Я сочувственно покивал — верю! — а стоящий рядом Михаил Николаевич Романов — младший сын Николая I и председатель Госсовета — воспользовался моментом и с предельным дружелюбием на лице расписался в выборе стороны конфликта между мной и дядей:
— Говорят, средство модное есть — клизмы с Сибирием. Попробуйте, Алексей Александрович.
Великому князю было плохо, и, даже если животная его чуйка подвох почуяла, отвлекаться он не стал, рассеянно поблагодарив и свалив на свой стул.
«Дядя Миша» весело мне улыбнулся и пошел к месту своему. В приподнятом настроении я пообещал себе плотнее поработать над «сыном-фрондером» Михаила Николаевича, прошествовал на свое рабочее место и сделал отмашку начинать.
Репутация — это важно.

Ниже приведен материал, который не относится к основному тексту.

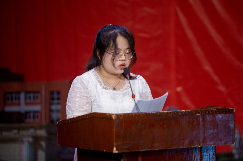 2021级数学与应用数学1班孙丽婷同学代表我院在校生为2022届毕业生致欢送辞,祝福学长学姐们前程似锦,未来可期。2018级统计学1班张欢同学代表我院全体毕业生向在校期间所有关心、帮助过她们的师长和亲友表示最衷心的感谢。她们会带着母校和老师们的期盼和嘱托,在未来路途中做具有时代使命感和责任担当的高素质标准人才,展现数信学子的风采!
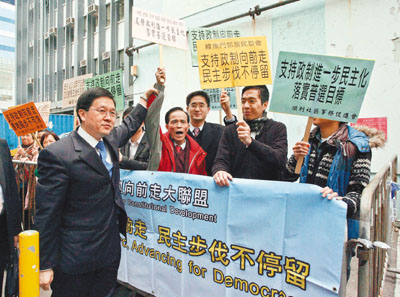 他又重申,全國人大常委會在07年的《決定》訂下普選時間表,當然當局依然要處理普選的模式與路線圖,「但是我們按部就班的處理,完全是可以」,因此,今時今日支持2012年建議的方案,與大家繼續爭取2017年、2020年落實普選的模式,「是沒有衝突,完全可以並存」,而這亦對日後落實普選與「5部曲」工作,更有信心與經驗。

На вчерашнем заседании у меня получилось создать неплохое впечатление, поэтому сегодня моих вопросов и комментариев уже ждали — докладчики для этого делали паузы в потенциально требующих пояснений местах, чаще на меня поглядывали, а председатель выглядел таким положением дел довольным. Для любой сферы человеческой деятельности характерна одна важная черта — в рабочий процесс должны быть вовлечены все, потому что иначе дисциплина и энтузиазм начинают шататься. Если кому-то на происходящее пофигу, почему должны стараться остальные? Для начальства это особенно актуально, особенно если этот начальник рулит целой страной. «Царю пофиг, а мне че, больше всех надо?». Мне «надо» очень сильно, а значит уважаемые господа, пусть даже невольно и чисто инстинктивно, будут тянуться вслед за мной. Не панацея, конечно, но на общее оздоровление государственного аппарата на долгой дистанции повлияет неминуемо.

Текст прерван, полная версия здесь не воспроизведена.